This paper examines pregnancy as a powerful stage in a Cameroonian woman’s lifecycle. Whereas anthropologists and social scientists have investigated women’s traditional roles, few have discussed pregnancy as a powerful stage in the life of a woman. While this paper locates women and motherhood as focal points in Moghamo belief system, it also critically examines political and economic changes and their impact on women’s lives, health and wellbeing and their fears regarding infertility. Within this context, pregnancy becomes a metaphor of life, and in/fertility as a tool to reveal the dynamics of gender inequality and notions of success or failure for both women and men.

Designing Research, Emerging Herstories and
The Politics of Knowledge (Biographical) Production on Cameroon, West Africa

by

Bridget A. Teboh

This paper explores life histories and the biography as important sources for the reconstruction of African history. By focusing on the life of one woman [Esther Dassi], the first woman ever to become Mayor of Batibo in 2002, this paper not only chronicles her journey-alongside the nation-state of Cameroon-towards multi-party democracy, gender equity, health care, political participation, but also elucidates the changing historical role of women. Using data from recent research, it raises general questions about the historical production of knowledge and the representation of the other. This paper also examines the process of selection of the ‘subject,’ data collection and interviews, and writing process. Through her story I explore the contours of production of the biography , examine my positionality and highlight challenges that I face as an African woman doing research on women in Africa.   Why a biography? Although biographies have increased elsewhere in Africa, in Cameroon, they are still taking baby steps.
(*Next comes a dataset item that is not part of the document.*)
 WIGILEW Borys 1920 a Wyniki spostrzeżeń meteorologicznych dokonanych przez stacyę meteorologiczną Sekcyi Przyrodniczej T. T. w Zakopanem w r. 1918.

Yet, not only does biography help to recuperate and celebrate women, to restore them to history, it continues to offer a valuable space for feminist historical scholarship. The implications for theoretical and methodological issues that transcend the field of History, cutting across the disciplinary boundaries of African Studies, women’s history and gender studies are enormous!

 

Archiving the Popobawa:
The Circulation of Sexual Knowledge through a Coastal Tanzania Urban Legend

by

Katrina Daly Thompson

Since the mid-1960s, the urban legend of the popobawa (‘bat-wing’ in Swahili) has circulated on the coast and islands of Tanzania. The popobawa, a giant bat-like creature, is said to break into people’s homes at night, paralyzing men and raping them. After he rapes a man, the popobawa tells him, “You must tell ten people what I have done to you or I will make you my wife.” Men use storytelling, as well as cell phones, text messages, and radio broadcasts to spread the word that they have been sodomized. Other versions of this story circulate in print and illustrations in Tanzanian popular magazines, including some that feature attacks on women. The popobawa has received limited attention from scholars, with the exception of anthropologist David Parkin (2004; 2006). My work extends the existing research through a comparative approach with a focus on discourse.
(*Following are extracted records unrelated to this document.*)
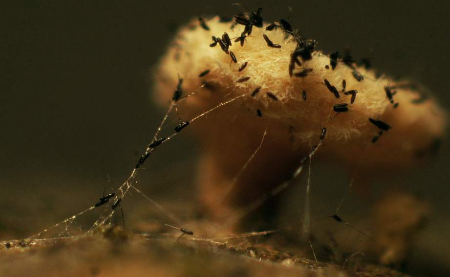 (x70) Image of wood fungus invasion by strange parasites. (Olympus Obj. 40mm @f3.4) |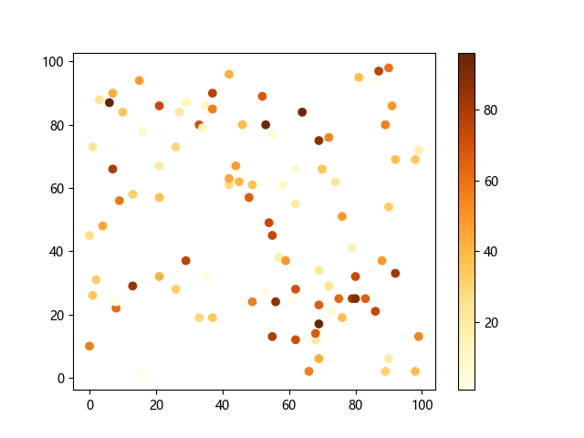 # 这三行代码使编译器能够绘图: import sys import matplotlib matplotlib.use('Agg') import matplotlib.pyplot as plt import numpy as np # 生成随机数据: x = np.random.randint(100, size=(100)) y = np.random.randint(100, size=(100)) colors = np.random.randint(100, size=(100)) # 使用 YlOrBr (黄-橙-棕渐变)配色方案绘制黄橙棕渐变散点图: plt.scatter(x, y, c=colors, cmap='YlOrBr') plt.colorbar() # 显示颜色条 plt.show() # 显示图形 # 这两行代码使编译器能够输出图形: plt.savefig(sys.stdout.buffer) sys.stdout.flush()
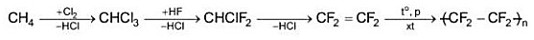 + Hydrogen fluoride được sử dụng trong quá trình sản xuất teflon theo sơ đồ:

The legend was first documented in Pemba in 1965, a year after the ethnic massacres that led up to Zanzibari independence, and recurred there in 1995 in the period leading up to multi-party elections. Journalists also reported popobawa attacks in 2000, when they were again linked with elections. In 2001 and 2007, the story circulated again, however this time seemingly without a political explanation. Might the reasons for telling popobawa stories, and even the stories themselves, have changed since the periods of political change that were first documented? My preliminary analysis of data collected in Unguja and Dare es Salaam focuses on the circulation of popobawa stories: the instruction that ‘victims’ must spread the legend, and the various means they choose to do so. Those who say they have been attacked by the popobawa are not only victims but also discursive agents who choose to tell their stories despite risk of great shame. Although the legend is not strictly urban and shares with traditional oral stories a supernatural theme, its concern with non-traditional sexuality aligns it with the urban legend genre.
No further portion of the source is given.